● WHAT IS REQUIRED
Repeat, exactly as they appear, the lines from the one with "Occhiali da vista" through the last line of the entries below, but none of the pictures.

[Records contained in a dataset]
━━━

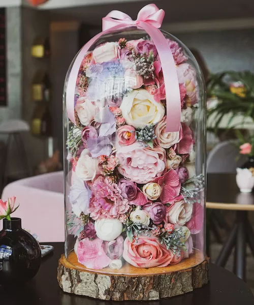 A composition of artificial flowers made on a wooden trunk and covered with a glass shade.
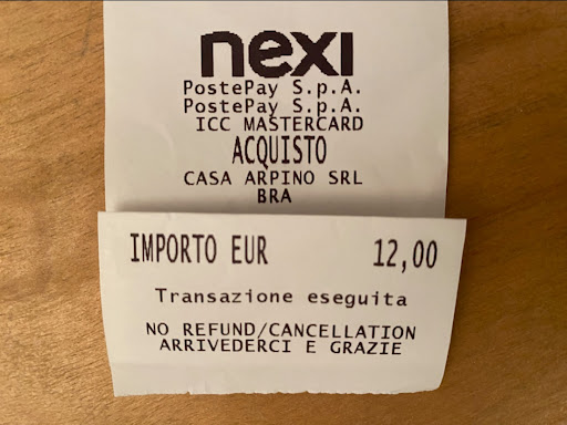 Casa Arpino is a café-restaurant with great food, great service, great atmosphere and very reasonable prices. No wonder they're quite busy. A good sign is that a lot of patrons are loyal locals which demonstrates they're getting a lot of things right. We started off with a 'tagliere' (literally a wooden cutting board), a big rectangular platter that was heaped by about 5 types of cold cuts: salami, mortadella, coppa, and 2 kinds of ham. I eat a lot of cold cuts and these meats were superior, which was a pleasant surprise because a lot of places will try to wow you with quantity or presentation only for you to realize they just served you some industrial low grade stuff. The platter included a good amount of bread sticks (grissini), wedges of a good mild cheese, and cubes of a spinach omelet. I couldn't believe it only cost 9 dollars. My Italian friends ordered pasta Amatriciana and were VERY pleased: they say the guanciale (roughly, a kind of bacon) is key to this dish. The quantity was also abundant and they brought us a nice, big wedge of cheese and a really good cheese grater so we could make it 'snow' on the pasta. Casa Arpino is in the town of Bra so it's no surprise that they offered burgers with Bra sausage, which is made of veal (vitello), and this is the dish I ordered. Although Bra sausage is traditionally eaten umcooked, these burgers were cooked, and served with sweet sauteed red onions, with a copious side of french fries. They were delicious, juicy and tender. The fries were good too, not underdone. Like a lot of places in Italy, the condiments they give you, mustard, ketchup, mayo, are in little packets; I would prefer fresh-made, but you can't have everything. The hamburger buns were good too, later I found out one of the owners is a baker and runs a separate bakery which explains why their baked goods are so fresh. One of us got a nice octopus dish (polpa) served on a bed of mashed potatoes, and we also ended up ordering a secondo of Guancia, which was a big hunk of calf cheek, with a nice dark brown sauce, succulent, rich. We accompanied this feast with a couple of bottles of Prosecco and 2 bottles of red wine, including one that really stood out, not sure if I remember correctly, but it might have been 'Angelo Nero.' Finally, we had a hazelnut tart, a typical piedmontese desert (after all, this is the land of Nutella!). This was a great meal and a great time. The service people were attentive, very friendly, and fast, even though the place was cracking full inside and on the terrace, and there were no mistakes...
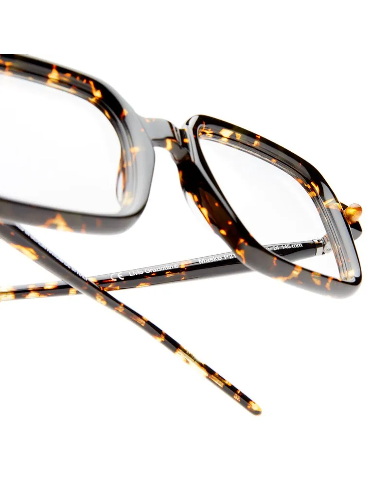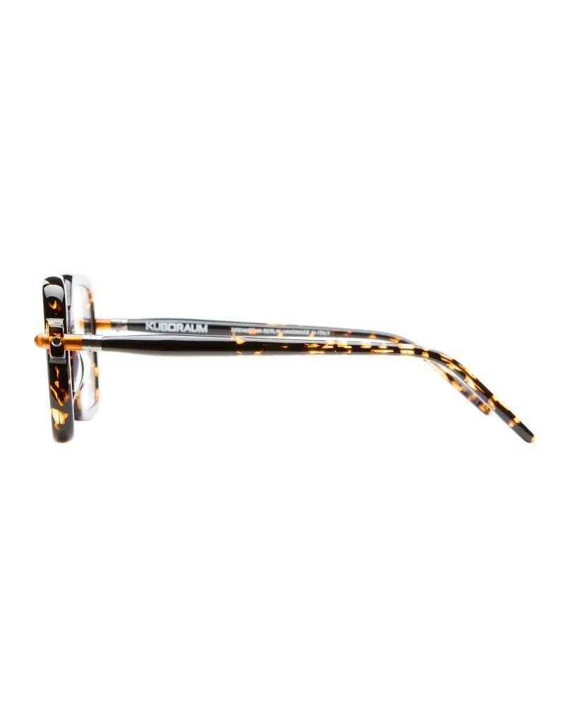 Occhiali da vista Kuboraum dalla linea minimal quadrata e arricchiti dalle aste tubolari, segno indistinguibile di Kuboraum. Un modello dal fascino unico, realizzato in Italia in pregiato acetato di cellulosa lucido.
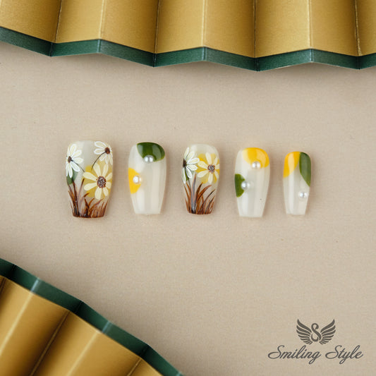 Angle under The Sunflower Press On Nails by SMILINGSTYLE | Luxury Fake Nails | Reusable Nails | Handmade Nails
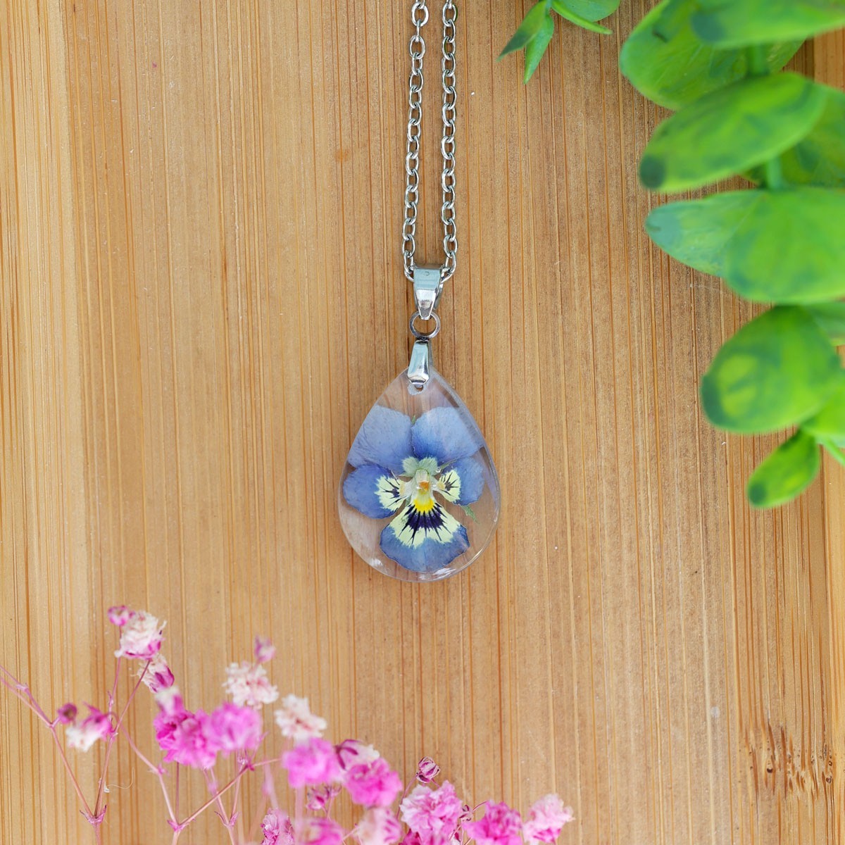 A handcrafted necklace featuring real dried flowers embedded in epoxy resin. The chain is made of surgical stainless steel, which does not tarnish, is hypoallergenic, and safe for sensitive skin. Each piece is one-of-a-kind and may slightly vary in flower placement or color tone.
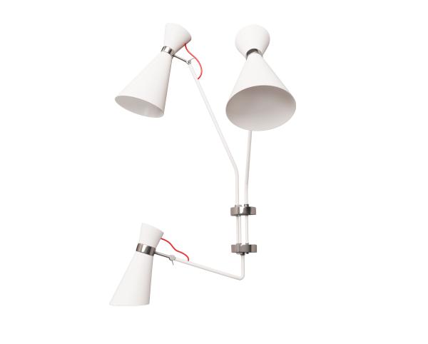 Simone WallSimone wall lamp mixtures functionality with vintage styling cues. This unique light fixture will give rhythm to your working space or to a children's room. With the possibility of choosing bright colors on each lampshade and cords, we think we have created an original and unique design piece. All dimensions are customizable.

━━━

● OUTPUT FOR THIS EXERCISE
 Occhiali da vista Kuboraum dalla linea minimal quadrata e arricchiti dalle aste tubolari, segno indistinguibile di Kuboraum. Un modello dal fascino unico, realizzato in Italia in pregiato acetato di cellulosa lucido.
 Angle under The Sunflower Press On Nails by SMILINGSTYLE | Luxury Fake Nails | Reusable Nails | Handmade Nails
 A handcrafted necklace featuring real dried flowers embedded in epoxy resin. The chain is made of surgical stainless steel, which does not tarnish, is hypoallergenic, and safe for sensitive skin. Each piece is one-of-a-kind and may slightly vary in flower placement or color tone.
 Simone WallSimone wall lamp mixtures functionality with vintage styling cues. This unique light fixture will give rhythm to your working space or to a children's room. With the possibility of choosing bright colors on each lampshade and cords, we think we have created an original and unique design piece. All dimensions are customizable.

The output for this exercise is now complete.